Search code examples
mysqlregexp-substr

Mysql regexp fails


I'm trying to find any records in table customers where the name does not contain letters. The following is what I am using. When ran, it doesn't return any records found. Would someone point out my mistake, please?

    table customers {
    name = Еarnings on thе Intеrnet from
    }

    SELECT name from customers WHERE name NOT REGEXP '[a-zA-Z]' ; 

Solution

  • If I compare a string using REGEXP '[a-zA-Z]', it matches if any character in the string matches a letter in that regexp. The string you show does contain letters like a, r, n, i, g, s. Any one of those is enough to satisfy the REGEXP comparison.

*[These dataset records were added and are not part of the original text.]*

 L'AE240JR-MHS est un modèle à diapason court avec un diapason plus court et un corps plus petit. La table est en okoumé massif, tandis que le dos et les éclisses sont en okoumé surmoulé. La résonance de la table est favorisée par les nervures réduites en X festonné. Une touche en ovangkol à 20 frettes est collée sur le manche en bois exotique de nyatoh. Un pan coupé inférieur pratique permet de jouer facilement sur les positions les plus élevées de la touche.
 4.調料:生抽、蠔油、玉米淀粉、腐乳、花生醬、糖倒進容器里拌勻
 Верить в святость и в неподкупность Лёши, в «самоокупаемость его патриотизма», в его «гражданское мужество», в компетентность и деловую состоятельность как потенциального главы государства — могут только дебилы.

    mysql> select 'Еarnings on thе Intеrnet from' REGEXP '[a-zA-Z]' as ok;
    +----+
    | ok |
    +----+
    |  1 |
    +----+
    1 row in set (0.00 sec)
    

    The negation NOT REGEXP is the same as NOT (expr REGEXP pattern). It simply reverses the result 1 for 0, or 0 for 1.

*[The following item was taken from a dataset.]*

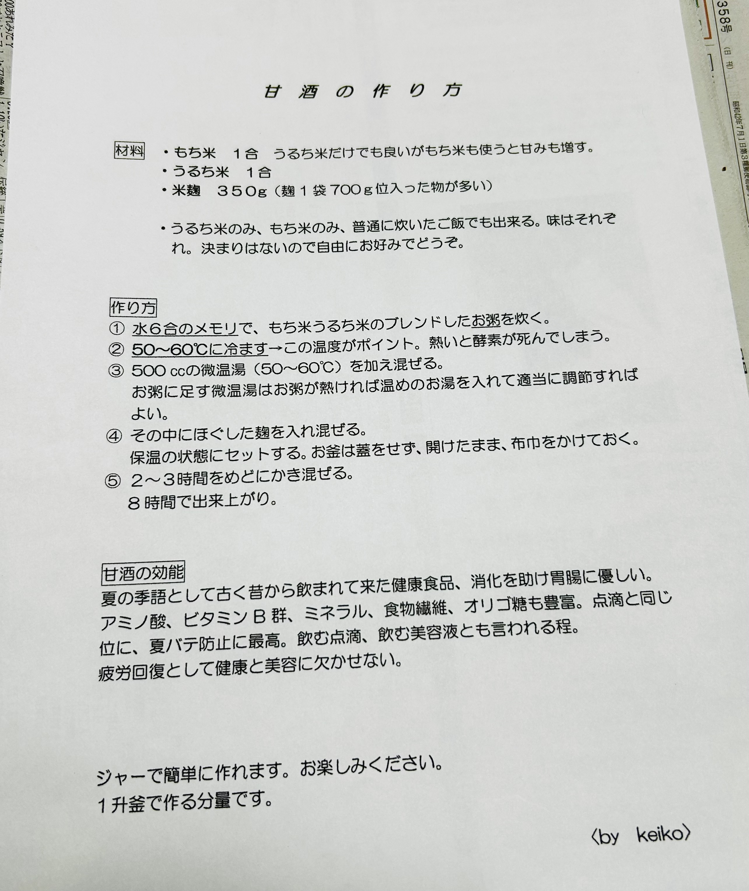 トップ > みんなのくらし《写真投稿》 > 甘酒レシピ りんごばーば 2025/11/26 23:12 甘酒レシピ 〈甘酒レシピ〉 簡単&美味しい 色々試した中から、私なりにいきついた作り方 麹は色々ある中で、 私はAコープで販売している 長野県産米で作った麹が1番美味しい気がする。 麹によって微妙に味が違う。 ✴︎PS...ピーさん 是非とも作ってみて。 皆さんも。 ✴︎最近は手抜きをして、夜作って、 2〜3時間をメドに撹拌せず、夜2回程かき混ぜた後、朝までそのままで置いて結構だった。 いいね 共有する 共有する X facebook LINE リンクをコピー コメントする 3 件の返信 (新着順) ミュートしたユーザーの投稿です。 投稿を表示 こきよみ 2025/11/28 23:35 甘酒、ヨーグルトメーカーで、作っていましたが、なかなかおいしくできないので、最近作ってないです。 ばーばさんのレシピ、一升炊きですよね。うちのは5合炊きだからむりですね。 いいね 返信する ミュートしたユーザーの投稿です。 投稿を表示 りんごばーば 2025/11/29 00:19 こきよみ 5合炊きなら半分の分量にすればいいんじゃないですか? もし心配だったら2合とか3合で計算(小学校の算数)して作れば出来そうだけど、、、。 ヨーグルトメーカーも保温出来るからいいね。 いいね 返信する ミュートしたユーザーの投稿です。 投稿を表示 こきよみ 2025/11/29 20:25 りんごばーば そうですね、そうすればいいのか! そういう計算は得意です。いろんなところでやってます。 ヨーグルトメーカーでやると、なんか芯があるんですよ。夏場はお湯で薄めるだけだからかより感じます。 いいね 返信する ミュートしたユーザーの投稿です。 投稿を表示 ピー 2025/11/27 17:36 ばーばさん、よくよく読み返してみたけど… これってガス釜?💦 普通の電気炊飯器は蓋しないと起動しません😅 いいね 返信する 他 2 件の返信を表示 ミュートしたユーザーの投稿です。 投稿を表示 りんごばーば 2025/11/27 22:51 ピー ピーさん、お釜再度確認してみてください。 って言うか、、、 ①電気釜でお粥を炊く 私はガス釜でお粥炊く。 この時は勿論蓋しますよ。 ②出来上がったお粥にさらに水分足す。 お粥の温度が重要(50℃〜60℃) そこに麹を入れかき混ぜる。 私は電気釜は保温用に使っています。勿論電気釜でお粥炊いてめよいかもしれませんが、ガス釜でお粥を作っています。 家のガス釜は保温は出来ない。炊くだけなので。 電気釜でできると思うけど、 最近の電気釜は保温も蓋しないと、警告音とか何か反応があって出来ないのかなぁ? 家の電気釜は古いから、保温に蓋開けたままでも使えます。 再度確認してみてください。 お粥炊けないかなぁ? 分量は1升釜なので、5合炊きの電気釜だったら量は半分にしてね。 多少少なめでお粥炊いた方が安全?吹きこぼれてお釜ダメにしても悲しいから。 普通のご飯から甘酒を作る人もいます。 濃い目に出来上がるから、後から飲む時薄めればいいんだけど。 甘酒作りの(保温ができる機能がついている)高い器械買って作っている人もいるけど、蓋しなくて保温できるなら充分、買う必要はないし、 使えないとなると、長時間の保温に炬燵も考えられます。 昔は炬燵で作っていたから(私が子どもの頃、母や祖母が炬燵で作っていた思い出あります) でも、その昔、甘酒の季語は夏、江戸の町を甘酒売りがいた絵があるけど、どうやって保温して作っていたのか気になります。 電気で蓋開けて保温できるできるお釜なら楽なんだけとな〜 いいね 返信する ミュートしたユーザーの投稿です。 投稿を表示 りんごばーば 2025/11/28 01:27 ピー どうしても気になって 検索🔍してみました。 何人も電気釜+このレシピで作っているので。 大丈夫と思います。 甘酒作りの保温は蓋開けて(開けないと甘酒はできません) 普段ご飯の保温は蓋してね。 炊飯は勿論蓋閉めないと無理ですね。 いいね 返信する ミュートしたユーザーの投稿です。 投稿を表示 ピー 2025/11/28 11:32 りんごばーば 蓋開けて保温は試してみてないので試してみます🤭 いいね 返信する ミュートしたユーザーの投稿です。 投稿を表示 りんごばーば 2025/11/28 12:04 ピー 是非試してみてください👋 色々作り方ある中、やってみて私流、これが1番☝️という所に行き着いたものです 〜by keiko(実名)〜 周りの皆が、教えて〜と言うので 何年も前レシピにしてみました📝 ご活用頂ければ幸い。 勿論私流なので、自分の良いやり方に変化させて頂ければ尚嬉しい。 JAマーク品の甘酒が売れないと悲しいかな? いいね 返信する ミュートしたユーザーの投稿です。 投稿を表示 ピー 2025/11/27 10:17 ばーばさん、作ってみたいけど面倒です😅💦 作るには相当の気力がいりそうです😱😱😱 ばーばさん、ご馳走になりに行きますね💕 いいね 返信する ミュートしたユーザーの投稿です。 投稿を表示 りんごばーば 2025/11/27 22:53 ピー 待ってま〜す🤗 welcome❣️ 甘酒飲む為に来る人もいますから。 いいね 返信する

    mysql> select 'Еarnings on thе Intеrnet from' NOT REGEXP '[a-zA-Z]' as ok;
    +----+
    | ok |
    +----+
    |  0 |
    +----+
    

    You said you want to match names that do not contain letters. What I think you mean is that you want to match names that contain any characters that are not letters, which is a different test.

    mysql> select 'Еarnings on thе Intеrnet from' REGEXP '[^a-zA-Z]' as ok;
    +----+
    | ok |
    +----+
    |  1 |
    +----+
    

    The characters Ð • µ are not in the range [a-zA-Z] and the way to express the complementary range of characters is to use [^a-zA-Z]. That is, with the ^ character inside the square brackets, a character would match if it is NOT one of the characters in that range.

    See also https://dev.mysql.com/doc/refman/8.0/en/regexp.html#regexp-syntax under the item:

    • [a-dX], [^a-dX]

    Re your comment:

    I tested checking for the characters you mention, including space, apostrophe, dot, and dash:

    mysql> select 'Mr. Tim O''Toole' regexp '[^a-zA-Z \'.-]' as ok;
    +----+
    | ok |
    +----+
    |  0 |
    +----+
    
    mysql> select 'Mr. Tim $ O''Toole' regexp '[^a-zA-Z \'.-]' as ok;
    +----+
    | ok |
    +----+
    |  1 |
    +----+
    

    You don't need to put a backslash before the -, but it does need to be handled specially:

    To include a literal - character, it must be written first or last.

    This is in the documentation I linked to.